Uniting Tracing and Logs With OpenTelemetry Span Events

By Nathan LeClaire  |   Last modified on August 19, 2022

The current landscape of what our customers are dealing with in monitoring and observability can be a bit of a mess. For one thing, there are varying expectations and implementations when it comes to observability data. For another, most customers have to lean on a hodgepodge of tools that might blend open source and proprietary, require extensive onboarding as team members have to learn which tools are used for what, and have a steep learning curve in general.

In the case of the first problem, luckily, OpenTelemetry has become a place of convergence and commonality to unify the ecosystem. However, customers still find themselves facing the second problem—they have a set of workflows straddling different tools with each having its own learning curve, user mechanics, and operational requirements. Is there something we can do to unify some of these so that, for example, we can look at logging-shaped information and tracing-shaped information in the same place?

Absolutely. That’s possible with Honeycomb today, and in this article, I’m going to show you how and why you might want to move forward with it.

OpenTelemetry Logging Example

Spans, Events, Logs, Span Logs, and Span Events

Before we dive in, a word on jargon—in Honeycomb, the atomic unit of data is referred to as an event, representing a single operation such as an HTTP request that was served. In the olden days of Honeycomb, we recommended that you roll up a variety of information about one operation into a single, arbitrarily wide event containing a bunch of properties explaining what happened. This would be in contrast to the way you probably log—spitting out new lines around every corner of your app, which may not have explicit structure to them at all.

As Honeycomb evolved and added tracing support, it became clear that you actually wanted several wide events per trace—a lot of operations might happen that merited their own spans (such as database or outbound HTTP calls to other services). Events and spans are synonymous in Honeycomb, and a trace is a collection of [spans|events]. Meanwhile, the earliest tracing systems such as Zipkin supported a notion of Span Logs, which, as the name implies, are little structured logs associated with a span whose duration is not important, but might still be worth having. An example might be an exception thrown by a program —we probably don’t care how long it took to throw the exception (probably not very long), but we definitely want to note that it happened in a trace, and take in as many details as possible about it.

How OpenTelemetry Streamlines the Logging Process: An Example

Logging comes in all shapes and sizes, from unstructured nonsense to structured application logs containing rich information about an app. OpenTelemetry has a long-term goal of supporting logs also as distinct signals from Spans, but there is also a need to strongly associate a span with a log, much like Zipkin did with Span Logs.

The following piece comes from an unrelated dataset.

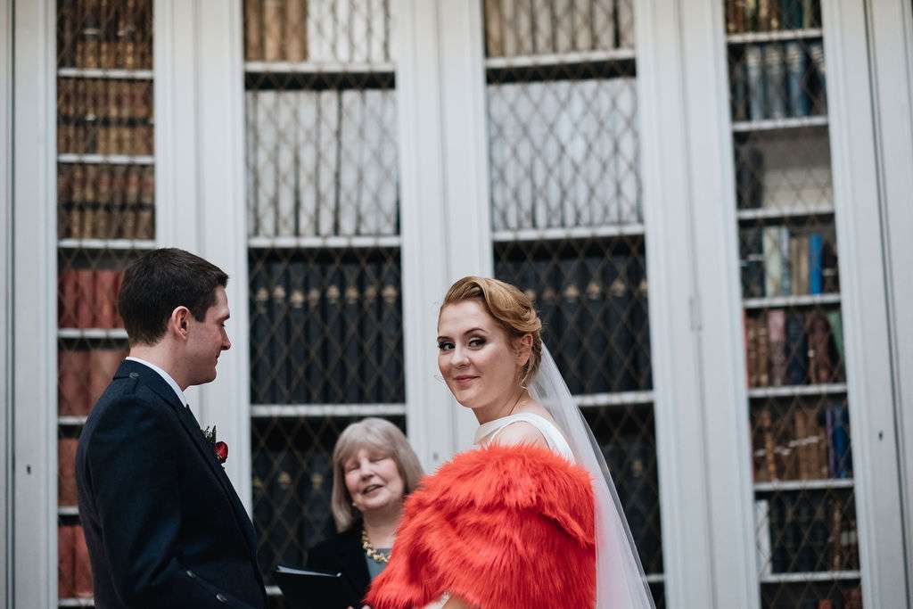 Vintage Scottish Edinburgh Library Wedding Pregnant Bride 21

As OpenTelemetry evolved, it adopted the previous Span Logs concept and called it, in true Murphy’s Law fashion, Span Events. A Span Event is a distinct concept from a span or an event, but like a span, it happens to be the case that all Span Events are also Honeycomb events. Honeycomb understands which events in particular are Span Events if some of their metadata has been set appropriately and can render them in the trace view as well as query them.

Here’s a quick recap and and visualization of OpenTelemetry terminology

  • Event: The core unit of Honeycomb’s data ingest.
  • Span: The core unit of distributed traces. One span is equivalent to one event.
  • Trace: A collection of spans that represents one workflow; e.g., a served request or background job run.
  • Log: An arbitrary output from the program to the console.
  • Span Event: A “log” that happens as part of a span. An operation that is too fast for its own span, but too unique to roll up into its parent span.

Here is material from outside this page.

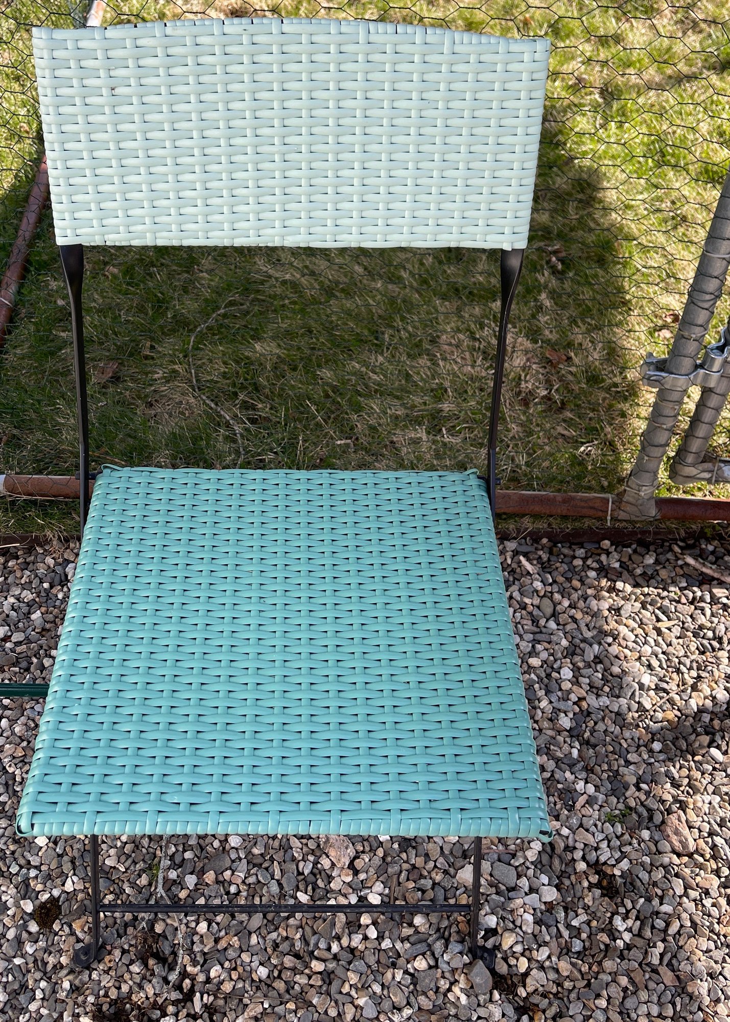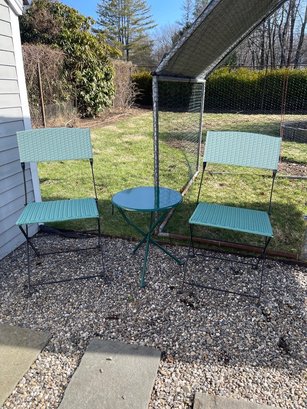 Charming and functional, this 3-piece outdoor bistro set includes a round folding table and two matching chairs, perfect for patios, balconies, or garden spaces. The chairs feature a resin woven-style seat and back in a soft green tone, paired with a black metal frame for a fresh, modern look.

All Honeycomb events- span, span events, other types

Text: Blocks are spans, Circles are span events

OpenTelemetry Span Events: Where are they useful?

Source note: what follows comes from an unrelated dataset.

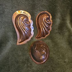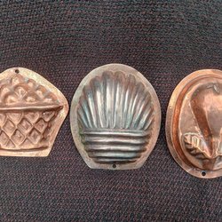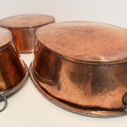 Set med kopparformar. Perfekt för matlagning eller att hänga på väggen, de har alla öglor.
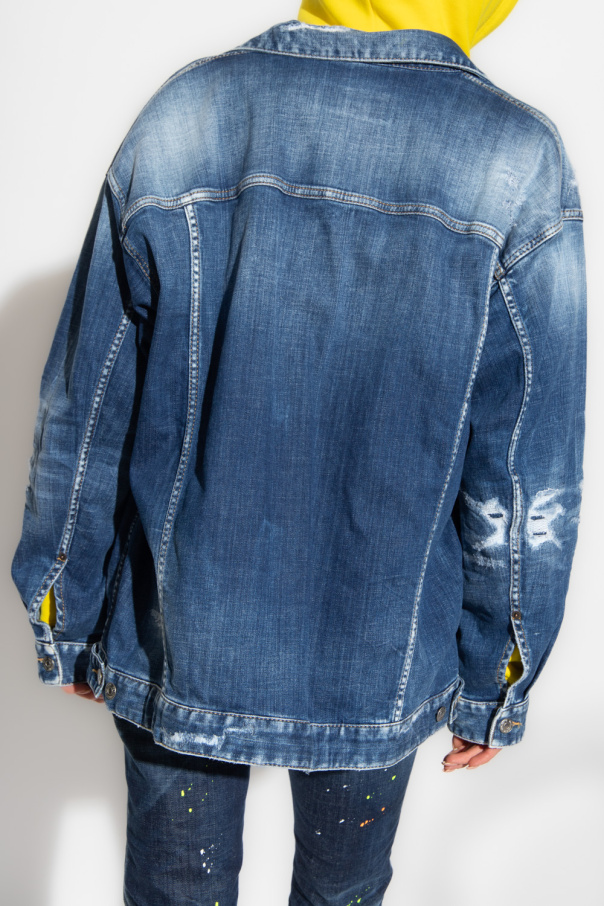 Blue denim jacket from Dsquared2. Made of cotton with a vintage effect, this style features a relaxed silhouette, button fastenings, long sleeves, two welt pockets and two flapped pockets.

Span Events can often help to fill any log-shaped hole in your heart you still have remaining once adopting Honeycomb. A great example where they are added during auto-instrumentation is in the OpenTelemetry Java Instrumentation—if that agent sees an exception happen while it’s tracing your code, it will attach the exception details automatically onto the relevant span as a Span Event. This is very useful contextual information when looking at a trace to understand why a problem is happening, and it can be sliced and diced to high heaven in the Honeycomb Query Builder like any structured event you send us.

They could also be useful to bridge the gap between what your team is used to seeing in their logs and what they will begin seeing once they adopt Honeycomb. For instance, let’s say you have a chunk in your code that looks like this and you’ve just begun adding tracing instrumentation:

ret, err := makeSyscall(ctx, args...)
if err != nil {
    // ... handle error
}

logger.WithFields(logger.Fields{
  "user_id": userID,
  "syscall_return_val": ret,
  "args": args,
}).Info("Finished system operation")

If we’re looking for sensible span boundaries, a syscall might be a little too fast to split out into its own span, so generating a span for each call might blow out our trace view and reduce its utility. With Span Events, on the other hand, like you see in the screenshot above, they will simply show up as little dots on the span and be accessible in the sidebar when we click on it.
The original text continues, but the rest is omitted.